The Hollywood Reporter has written a big old bunch of information about Hitman: Absolution, because games are like totally mainstream. Also, it seems IO are taking a very Hollywood approach to the production, with its cast already being announced. Including Klundy!

That's Frank Lundy from off of Dexter, or actor Keith Carradine, to you. Klundy to me and my housemate. We loved him. He's really rather good. It also stars Marsha Thomason, who is best known (by me) for her role in White Collar, that is the completely brilliant USA (channel) TV show that you really should be watching. Crikey - she's British.

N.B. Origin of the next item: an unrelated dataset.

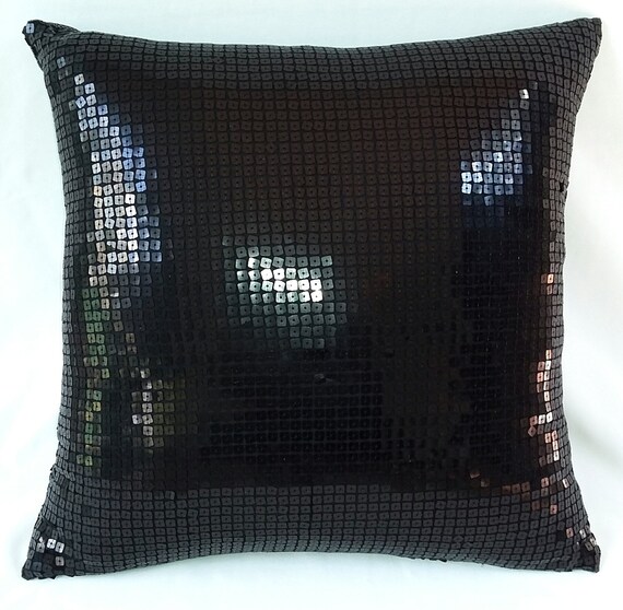 Black Sequin Throw Pillow Cover Black Decorative Pillow Shiny Etsy
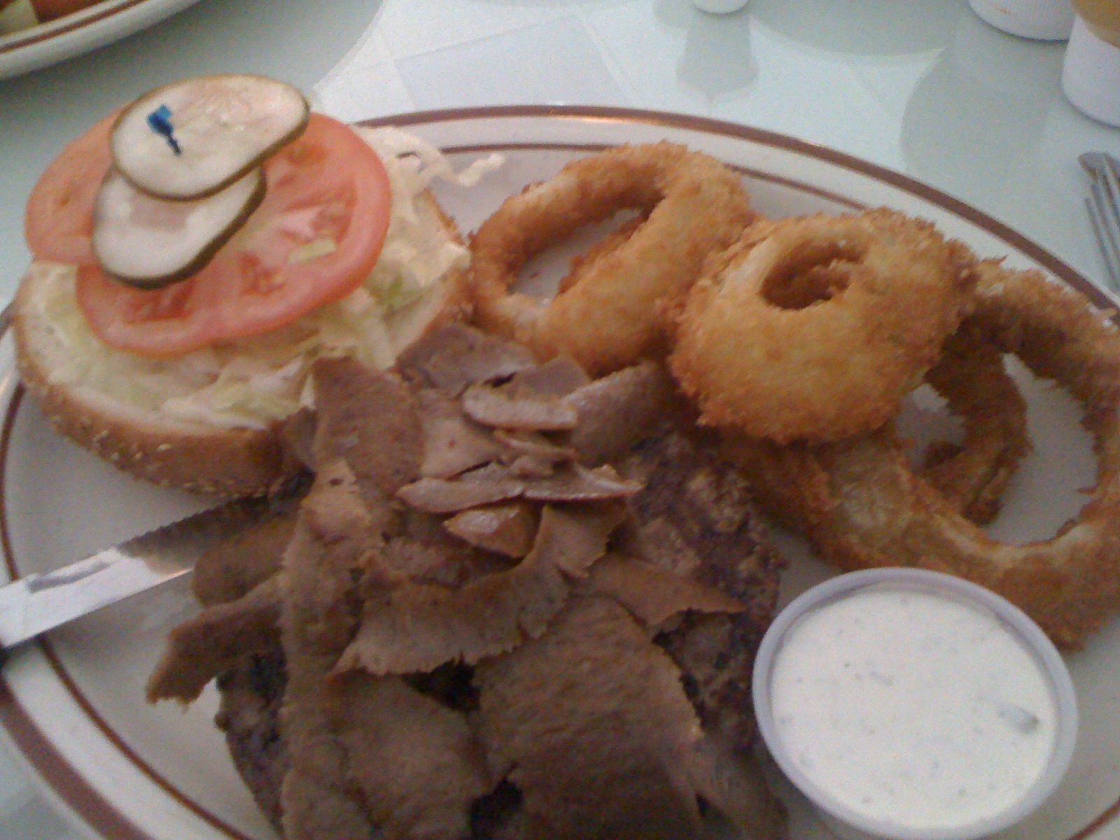 I decided to try the 1/2 pound gyro burger ($6.95) and pulled out the gyros meat for this photo. The addition of hand breaded onion rings was $2.95 and worth it. Excellent frying technique.

Um, sorry, Hitman. It seems they've been up to all sorts in secret, with "a dozen Hollywood actors" involved, having already recorded not only their voices, but their performances too in motion capture. Carradine is the game's villain, while Thomason is Agent 47's handler, Diana Burnwood. Thomason, who impressively knows even less about James Bond than I do, gets a bit muddled and explains,

"Diana is 47's only true human contact. They've known each other an extremely long time, and in the Hitman world, she is what Q is to James Bond. So she sets the assignments, tells him where to go and who to kill."

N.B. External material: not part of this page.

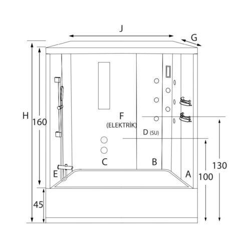 Shower Almeda 120×80 cm Mini Küvet Üzeri İki Duvar Arası Kompakt Sistem. 212 cm yükseklik. Hidro sistem. Buhar sistemi. Krom renkTekne ve tavan beyaz %10 full siyah modellerde %20 fiyat farkı uygulanmaktadır.Renk seçenekleri kabinler için geçerlidir iç duvar standart çerceve profil rengi parlaktır.Yapacağınız renk seçeneği için 444 47 31 numaralı destek hattımızdan bilgi alabilirsiniz.Sistem 1:. Akrilik dikdörtgen küvet duvar ve tavan. 6 mm lüks kabin. Sürgülü el duşu. Yönlendiricili batarya. Yönlendiricili gaga. 10’lu jet sistemi. Tepe duşu. Şampuanlık ve aynaSistem 2:Sistem 1’e ek olarak;. Lamba. FanSistem 3:Sistem 1’e ek olarak;. Lamba. Fan. Radyolu dijital kontrol paneli. Ozon engelleyiciSistem 4:Sistem 1’e ek olarak;. Lamba. Fan. Radyolu dijital kontrol paneli. Ozon engelleyici. Buhar sistemi. Bluetooth telefon Detaylı bilgi için Whatsapp üzerinden bize ulaşın.
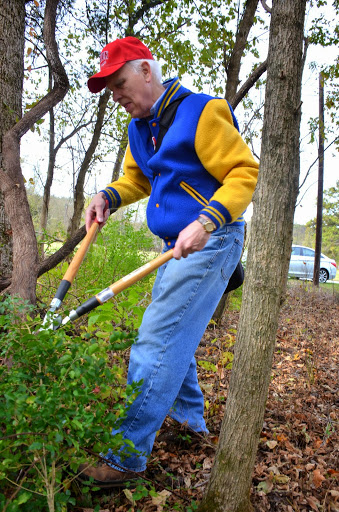 Dr. Stephen Carls cuts down brush behind the Denmark Presbyterian Church on November 4, 2014. He led a team of participants from Phi Alpha Theta and the history department in doing a community service project in Denmark, Tennessee, as a part of Union University's 12th annual Campus and Community: A Day of Remembrance and Service. Photo by Morris Abernathy

According to HR they had up to seven actors in the mo-cap studios at a time, which should hopefully produce a big shift forward in terms of realism for the cutscenes. This is, they say, to put more emphasis on the emotional side of things.

As is important for any game late on in its franchise, the central character must be betrayed by those he once trusted. And so it is that 47 begins the new game being hunted by the police, muddled in "a dark conspiracy." This is part of what IO are hoping will be a much darker game. The game's director Tore Blystad told the Hollywood Reporter,

"We've designed a more stylized, more serious, and darker game this time around in both the story line and the visuals. The hope is that the movie will be going in a similar direction, and then when they both come out they will speak the same language. They won't follow the old Hitman games, but rather go with this newer direction."

Movie? Indeed - there's to be a sequel to the dodgy first cinematic outing. Which apparently made $100m, despite being pretty universally hated. That has Adrian Askarieh producing again (who is also working on a Kane & Lynch movie for 2013 - I'd not heard about that before), but no cast has been publicly attached to the project, including no confirmation of whether Timothy Olyphant will take time off his newfound success with Justified to reprise his role as 47.